▸ **DATA TO EXAMINE**:
..............................

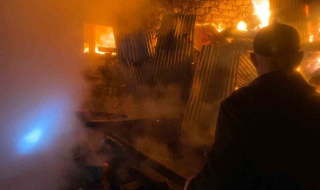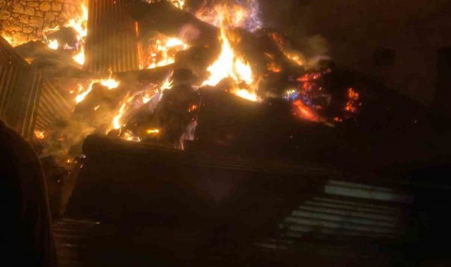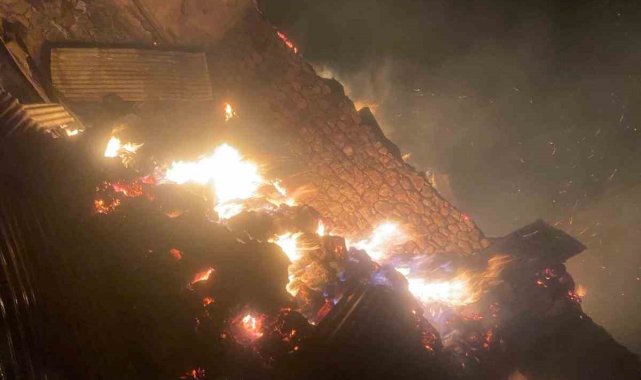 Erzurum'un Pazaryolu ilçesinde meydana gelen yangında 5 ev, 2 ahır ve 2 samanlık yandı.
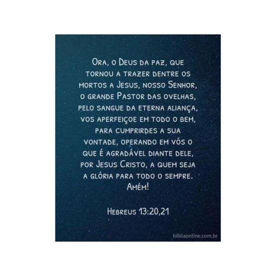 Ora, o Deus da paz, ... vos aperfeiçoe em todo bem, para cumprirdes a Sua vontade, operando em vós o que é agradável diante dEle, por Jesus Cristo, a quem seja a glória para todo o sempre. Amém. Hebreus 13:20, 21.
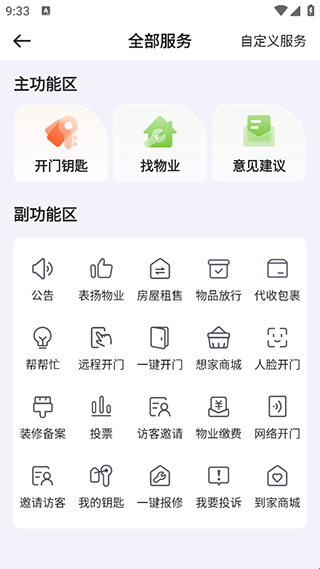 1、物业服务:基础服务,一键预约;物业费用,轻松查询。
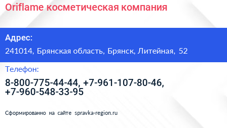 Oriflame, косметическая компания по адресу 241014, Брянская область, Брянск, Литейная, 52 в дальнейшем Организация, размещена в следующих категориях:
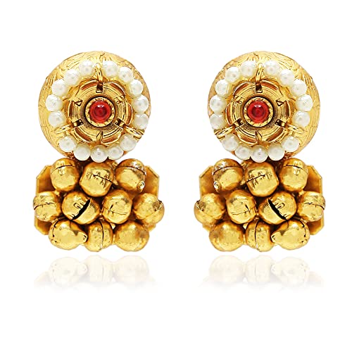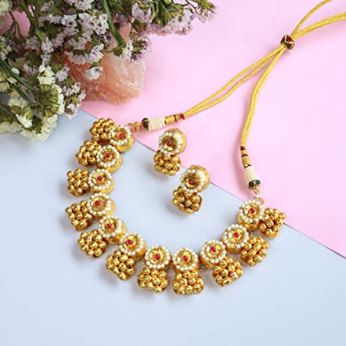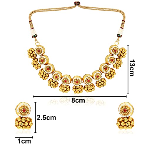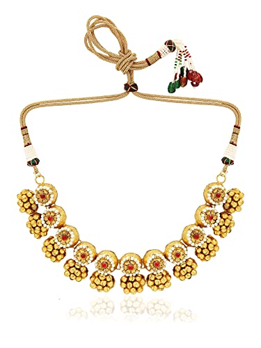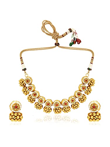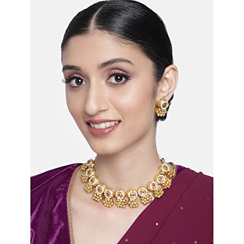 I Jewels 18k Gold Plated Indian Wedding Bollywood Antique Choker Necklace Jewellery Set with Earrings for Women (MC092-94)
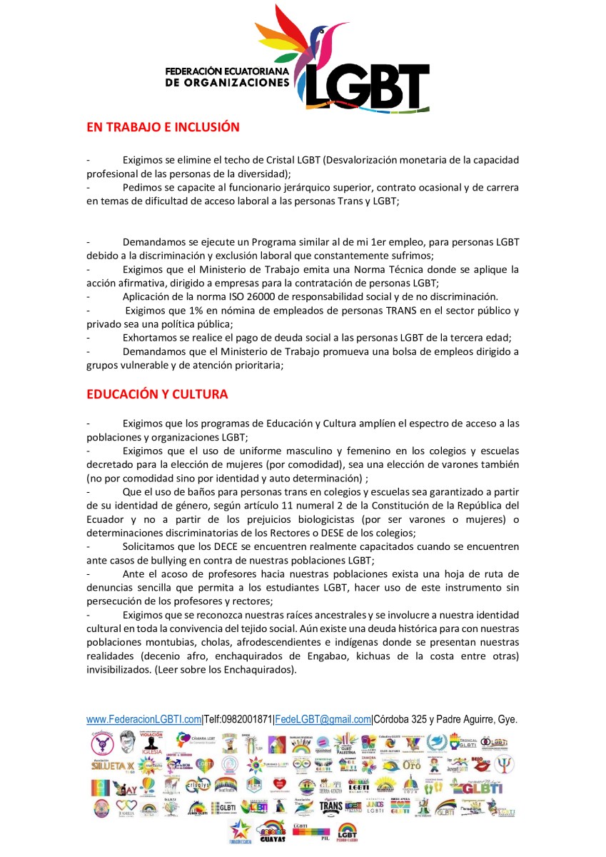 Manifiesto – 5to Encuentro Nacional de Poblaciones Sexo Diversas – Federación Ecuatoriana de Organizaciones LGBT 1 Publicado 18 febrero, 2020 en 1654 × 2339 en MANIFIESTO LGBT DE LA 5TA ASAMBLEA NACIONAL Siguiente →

..............................

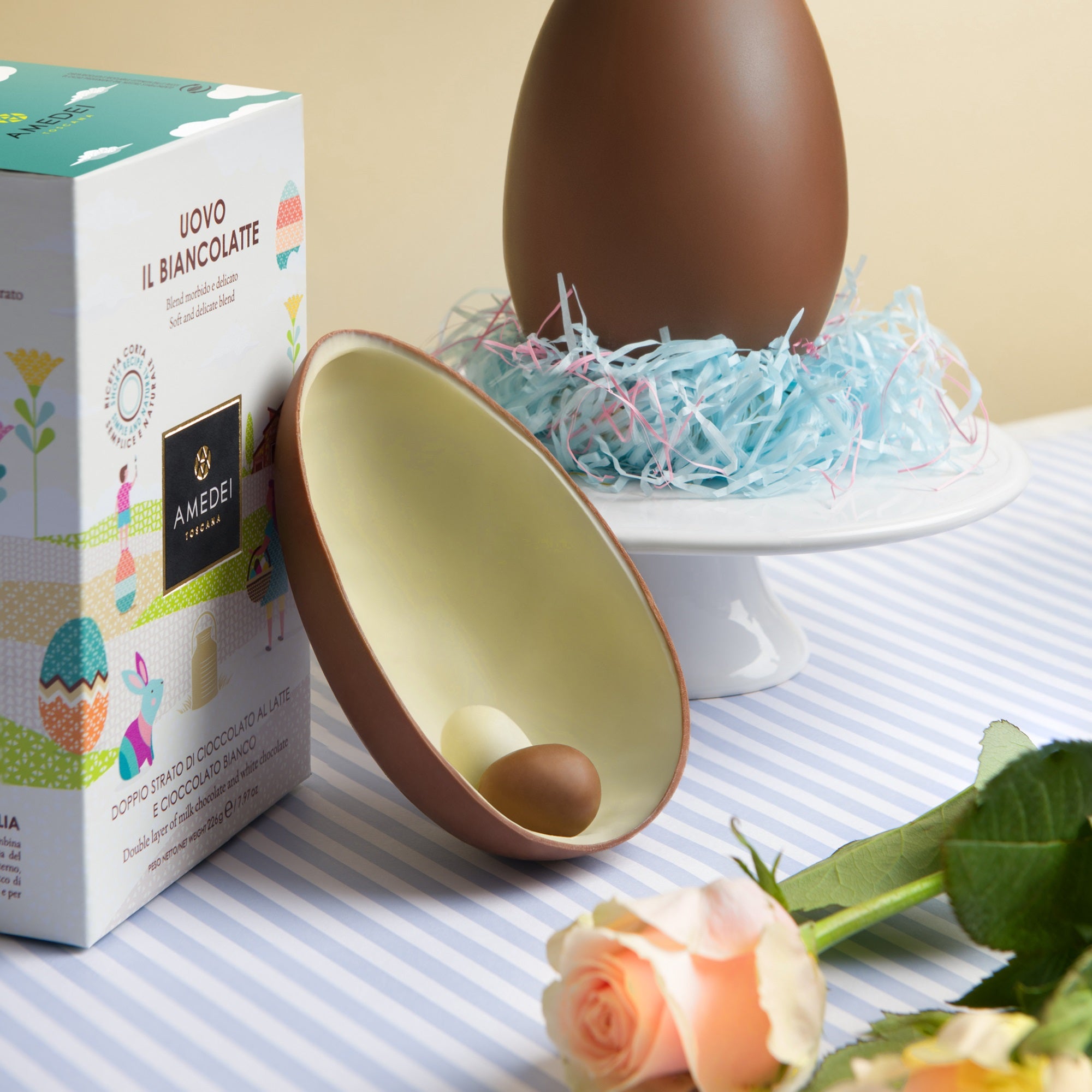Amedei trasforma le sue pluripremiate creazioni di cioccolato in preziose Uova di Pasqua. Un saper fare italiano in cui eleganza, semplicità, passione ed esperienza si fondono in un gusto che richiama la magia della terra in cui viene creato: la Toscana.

..............................

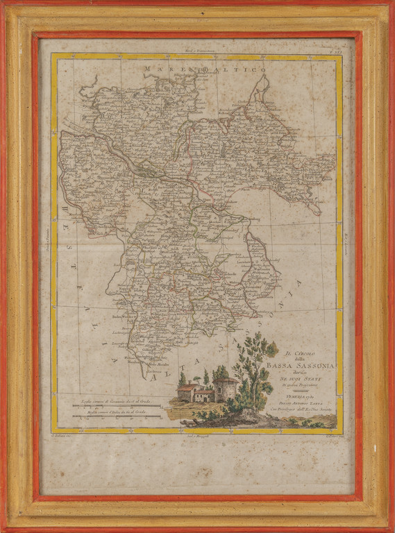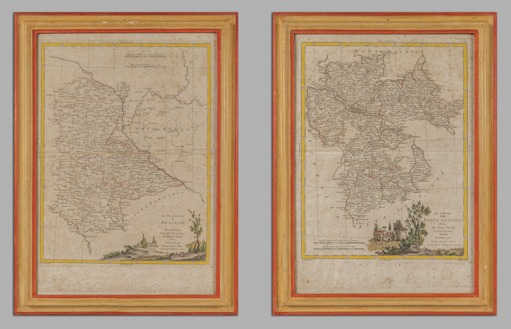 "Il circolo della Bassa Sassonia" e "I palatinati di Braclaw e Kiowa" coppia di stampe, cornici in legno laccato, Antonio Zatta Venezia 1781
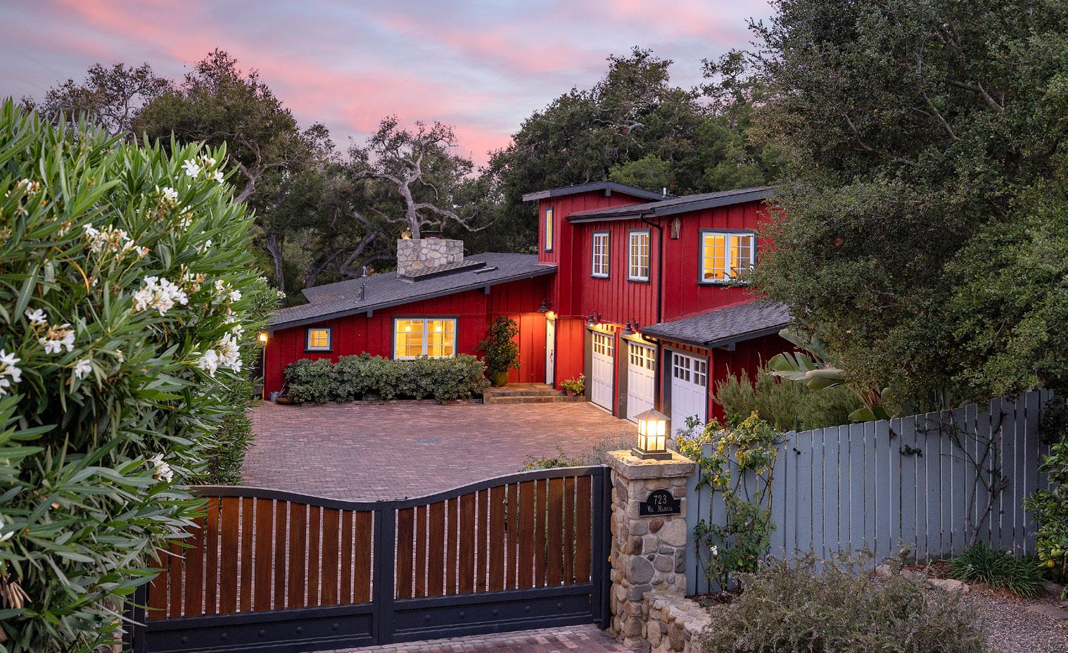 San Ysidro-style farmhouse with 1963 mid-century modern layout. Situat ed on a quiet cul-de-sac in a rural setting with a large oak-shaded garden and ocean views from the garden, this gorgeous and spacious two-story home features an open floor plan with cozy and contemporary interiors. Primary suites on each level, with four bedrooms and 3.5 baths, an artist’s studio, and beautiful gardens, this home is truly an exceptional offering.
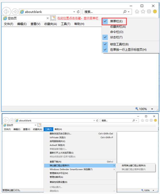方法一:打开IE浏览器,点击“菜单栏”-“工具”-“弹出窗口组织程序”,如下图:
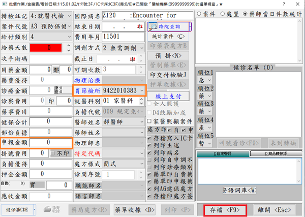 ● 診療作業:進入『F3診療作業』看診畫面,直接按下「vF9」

..............................

▸ **ACTION ITEM**:
Once the line with "Erzurum'un Pazaryolu ilçesinde" is found in the data above, reproduce it and each line after it exactly, through the line with "Manifiesto – 5to". Omit the pictures.

▸ **ANSWER BOX**:
 Erzurum'un Pazaryolu ilçesinde meydana gelen yangında 5 ev, 2 ahır ve 2 samanlık yandı.
 Ora, o Deus da paz, ... vos aperfeiçoe em todo bem, para cumprirdes a Sua vontade, operando em vós o que é agradável diante dEle, por Jesus Cristo, a quem seja a glória para todo o sempre. Amém. Hebreus 13:20, 21.
 1、物业服务:基础服务,一键预约;物业费用,轻松查询。
 Oriflame, косметическая компания по адресу 241014, Брянская область, Брянск, Литейная, 52 в дальнейшем Организация, размещена в следующих категориях:
 I Jewels 18k Gold Plated Indian Wedding Bollywood Antique Choker Necklace Jewellery Set with Earrings for Women (MC092-94)
 Manifiesto – 5to Encuentro Nacional de Poblaciones Sexo Diversas – Federación Ecuatoriana de Organizaciones LGBT 1 Publicado 18 febrero, 2020 en 1654 × 2339 en MANIFIESTO LGBT DE LA 5TA ASAMBLEA NACIONAL Siguiente →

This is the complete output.